Text output from the above small program:

You get only 10 items from vector {1,1, 2,2,2}, because 5! / (2! * 3!) = 120/(2*6) = 10.

The implementation file for the adaptor class, MSetPermGen.cpp , consists of two parts. The first part is FXT code with minimal adaptations. The second part is the MSetPermGen class proper.

First part of implementation file:

// File:  MSetPermGen.cpp - part 1 of 2 - FXT code

// -------------- Beginning  of header-only FXT combinatorics code -----------

 // This file is part of the FXT library.
 // Copyright (C) 2010, 2012, 2014 Joerg Arndt
 // License: GNU General Public License version 3 or later,
 // see the file COPYING.txt in the main directory.
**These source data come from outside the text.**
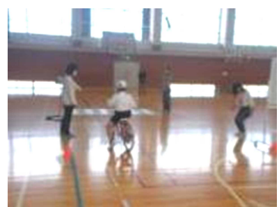
3年生交通安全教室
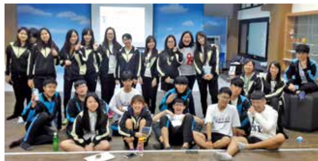
新店高中入校宣導
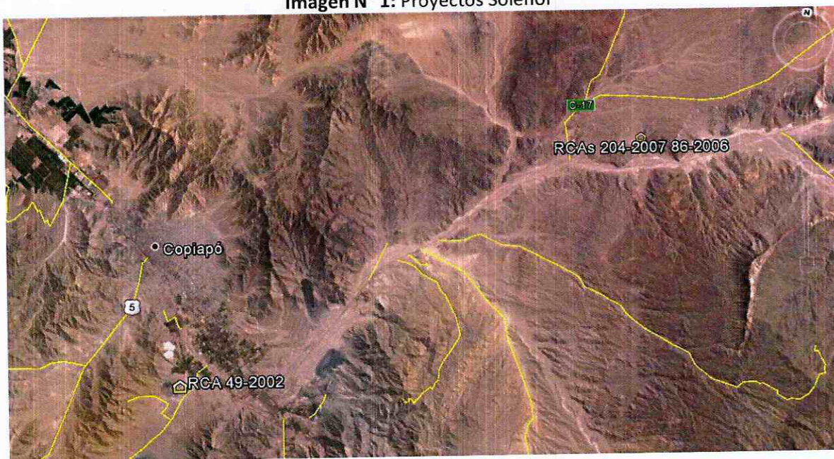
Imagen N° 1: Proyectos Solenor

6. A su vez, las instalaciones correspondientes a los proyectos calificados ambientalmente favorables por las RCA N°86/2006 y RCA N°204/2007 se ubican específicamente, en Quebrada de Paipote, a 28 kilómetros desde la ciudad de Copiapó, a 4 kilómetros desde la intersección del Camino internacional C-31 (camino a la mina Coipa) con el camino a Diego de Almagro C-17, por el camino internacional C-31.
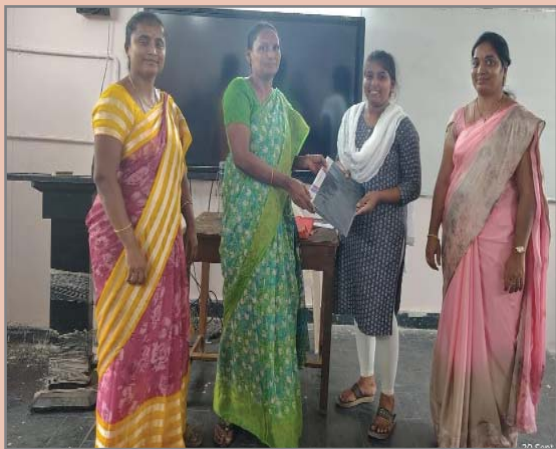
(షణ్ముఖ వెలుగు, ఒంగోలు, సెప్టెంబర్ 20)

జాతీయ కోడింగ్ వారోత్సవాన్ని పురస్కరించుకుని దామచర్ల నకుబ్రాయమ్మ ప్రభుత్వ మహిళా డిగ్రీ కళాశాల, ఒంగోలులో వరుసగా రెండవ రోజు అనగా సెప్టెంబర్ 20న మధ్యాహ్నం 3 గంటలకు బగ్ ఫిక్సింగ్, అవుట్పుట్ ట్రేనింగ్ కోడింగ్ టెస్ట్ నిర్వహించబడింది.
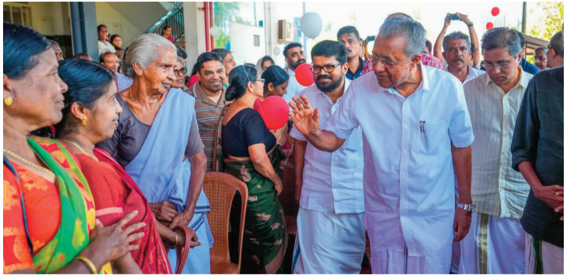
మీరు నా రాష్ట్రానికి వచ్చినప్పుడు, ఒక అతిథికి చేయాల్సిన అన్ని మర్యాదలు చేసానని మాట ఇస్తున్నా. ప్రస్తుత తెలంగాణ పరిస్థితికి మీరు నీతి ఆయోగ్ ఎన్నిజి ఇండెక్స్ 2023-24ని ప్రామాణికంగా చూపిస్తున్నారు. ఆ సూచీ డిసెంబర్ 2023లో ముగిసిన టీఆర్ఎస్ వదేళ్ల దుస్తునిపాలనను ప్రతిబింబిస్తుంది. మా ప్రభుత్వం 28 నెలలు పూర్తి చేసుకుంది. 2024-25లో తెలంగాణ జీపీపీ రూ.16.12 లక్షల కోట్లుగా ఉండి.. 10.7 శాతం వృద్ధిని నమోదు చేసింది. ఇది జాతీయ సగటు 9.9 శాతం కంటే ఎక్కువ. కర్ణాటక, తమిళనాడు, మహారాష్ట్ర, కేరళలను అధిగమించి భారత్ లోనే అత్యధిక తలసరి ఆదాయం ఉన్న రాష్ట్రంగా తెలంగాణ నిలిచింది. కేరళ ప్రజలకు మీ హయాంలో ఏం జరిగిందో చూపించండి' అని ఎక్స్ ప్రెస్ పూర్తి చేసుకుంది.

తిరువనంతపురం: తనతో చర్చకు రావాలన్న సీఎం రేవంత్ రెడ్డి సవాల్ పై కేరళం ముఖ్యమంత్రి పినరయి విజయన్ తిప్పికొట్టారు. ఆయనతో చర్చకు దిగి ఉద్దేశం తనకు లేదన్నారు. రేవంత్తో చర్చకు దిగేందుకు తెలంగాణలో పార్టీలు ఉన్నాయని, ఆయన ప్రభుత్వ పనితీరుపై అక్కడి ప్రజలే తీర్పునిచ్చాలని వ్యాఖ్యానించారు. తమ పార్టీ నేతలు అక్కడ రేవంత్ వ్యవహారంపై మాట్లాడుతారని అన్నారు. నీతి ఆయోగ్ 2023-24 సుస్థిరాభివృద్ధి లక్ష్యాల సూచీలో కేరళ తొలి స్థానంలో ఉందని పినరయి విజయన్ అంటున్నారని, ఇది కేరళలో ఏడు దశాబ్దాల ప్రభుత్వాలన్నింటి కృషి అని సోమవారం సీఎం రేవంత్ పేర్కొన్న సంగతి తెలిసింది. అందులో కాంగ్రెస్ నేతృత్వంలోని యూడిఎఫ్ కూడా ఉందని గుర్తించాలన్నారు. అందరి కష్టాన్ని సొంత ఖాతాలో వేసుకోవడం సరికాదని హితవు పలికారు. ఈ అంశంపై చర్చించేందుకు సిద్ధంగా ఉన్నారని, చర్చకు రావాలని పినరయి విజయన్ కు సవాల్ విసిరారు. తెలంగాణ ప్రభుత్వ పనితీరును విమర్శిస్తూ కేరళ సీఎం పినరయి విజయన్ రాసిన లేఖపై సీఎం రేవంత్ రెడ్డి మరోసారి స్పందించారు. కేరళ ప్రభుత్వ పనితీరుపై తన విమర్శలను ఎంతో గౌరవప్రదంగా, హుందాగా వ్యక్తం చేశానని అన్నారు. విజయన్ మాత్రం తప్పుపై స్థాయి భాషను ఉపయోగించాలని నిర్ణయించుకున్నట్లు చెప్పారు. 'మీ అసహనపూరిత వ్యాఖ్యలకు నేను అదే రీతిలో స్పందించను.'
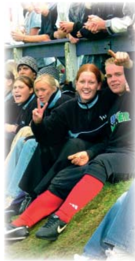
Opbakning til gulddrengene ved NM 2002.
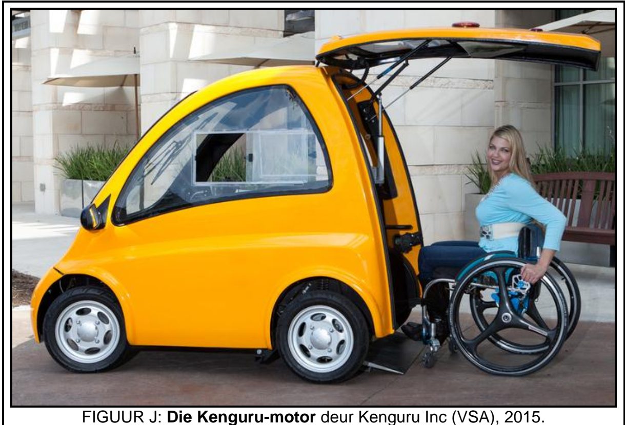
FIGUUR J: Die Kenguru-motor deur Kenguru Inc (VSA), 2015.
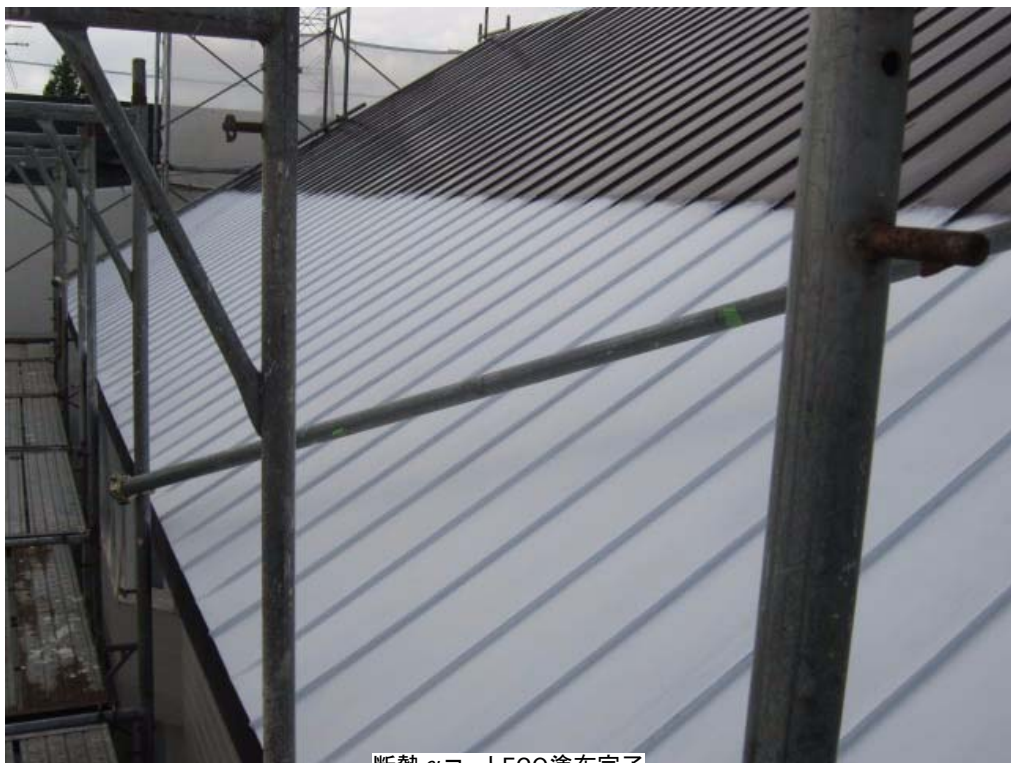
断熱 \alpha コートECO塗布完了
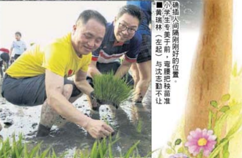
■小学生专美于前，弯腰把秧苗对准插秧人间隔刚好的位置。
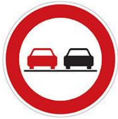
No overtaking 禁止超車
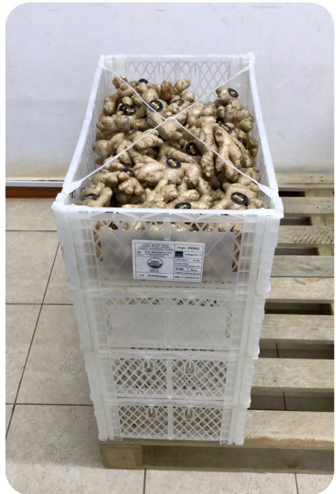
-7.5kg plastic boxes
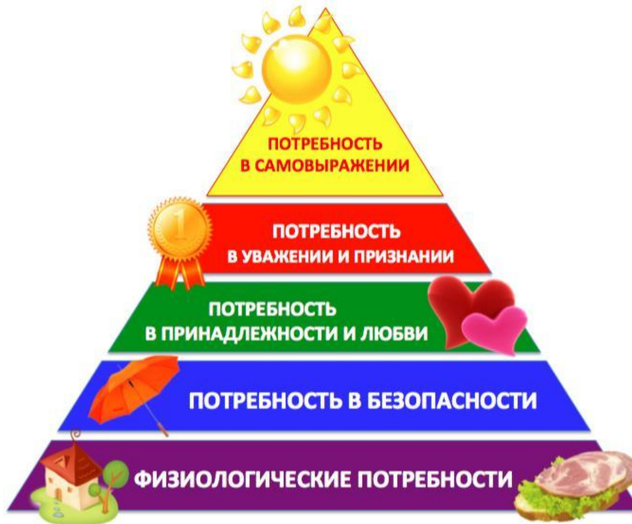
Пирамида А. Маслоу
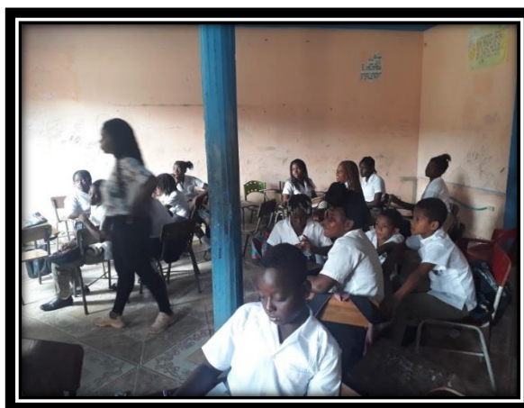
Ilustración 1 Estudiantes Afrodescendientes Comunidad San José del Tapaje

La etnoeducación es entendida para grupos étnicos que debe ser dada en valores teniendo en cuenta que nuestra identidad étnica es fundamentada en el mestizaje ya que provienen de diversas raíces como la africana, la indígena y la hispánica. Hay muchas comunidades educativas ubicadas en poblaciones mestizas que asumen el rol de ser etnoeducadores en su estrategia pedagógica, mientras que hay otras como las comunidades afrodescendientes e indígenas que son ajenas e indiferentes a la etnoeducación; hay muchos planteles educativos que aun manejan el discurso educativo que excluyen la diversidad cultural y la interculturalidad de los discursos de la colonia española.
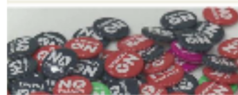
Schotten im Ausland bei Referendum außen vor
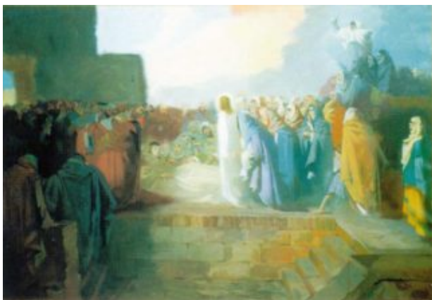
Wundereintrag von Jesus /100×70 cm, Öl, Leinen/
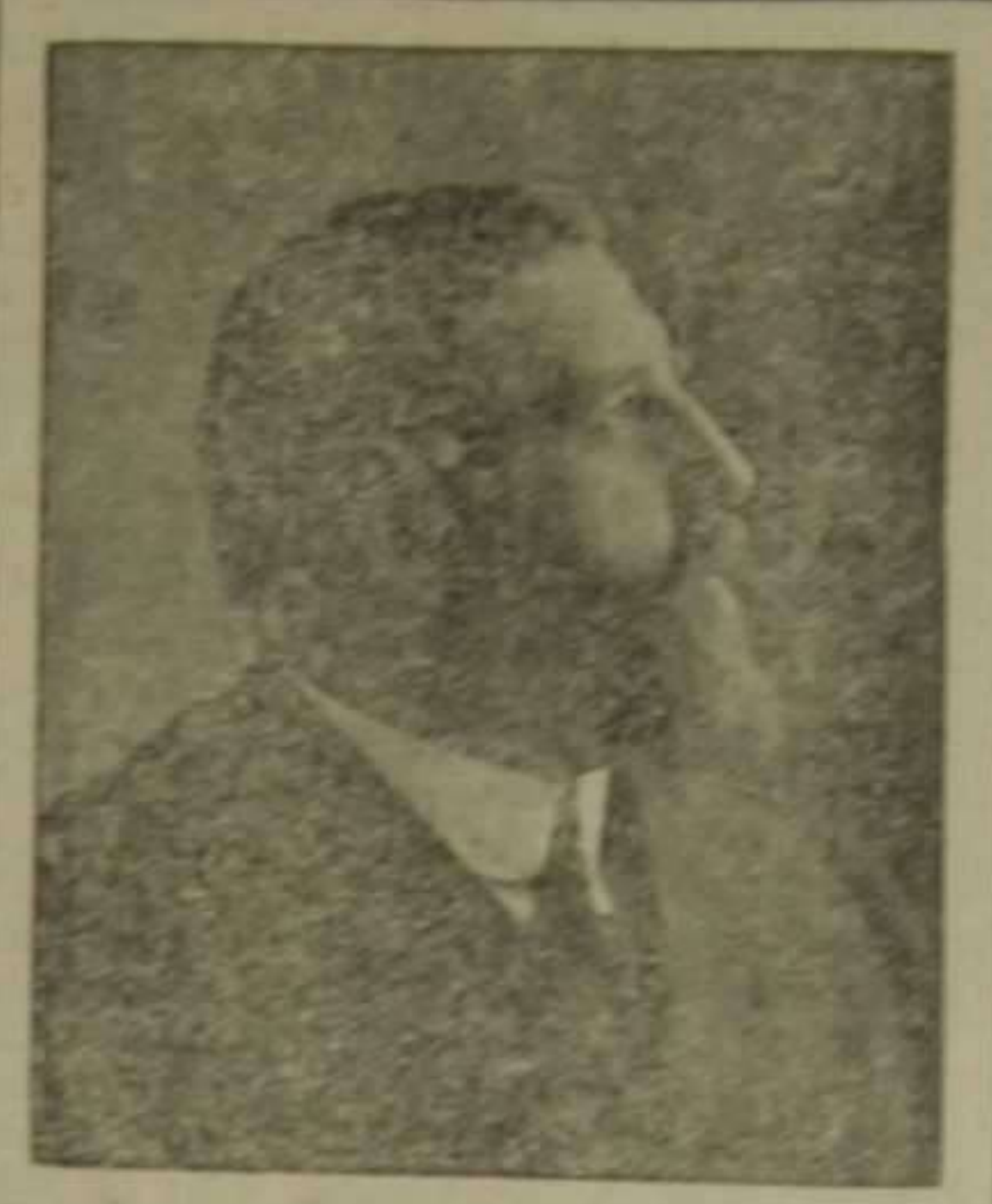
D. Leopoldo Cortina Porrás Nuevo gobernador civil de esta provincia

Añade por su cuenta El Debate que urge que las regiones se conozcan mutuamente, porque el día que esto ocurra y se unan todas, se acabará el efímero poder caciquil, fundado en el centralismo.

//--  https://www.jjj.de/fxt/ 
//--  https://fossies.org/dox/fxt-2018.07.03/mset-perm-lex_8h_source.html

#include  <cstddef>
using ulong = std::size_t;

inline void  swap2(ulong& xa, ulong& xb)
{
    ulong  save_xb = xb;

    xb = xa;
    xa = save_xb;
}

class mset_perm_lex
 // Multiset permutations in lexicographic order, iterative algorithm.
 {
 public:
     ulong k_;    // number of different sorts of objects
     ulong *r_;   // number of elements '0' in r[0], '1' in r[1], ..., 'k-1' in r[k-1]
     ulong n_;    // number of objects
     ulong *ms_;  // multiset data in ms[0], ..., ms[n-1], sentinels at [-1] and [-2]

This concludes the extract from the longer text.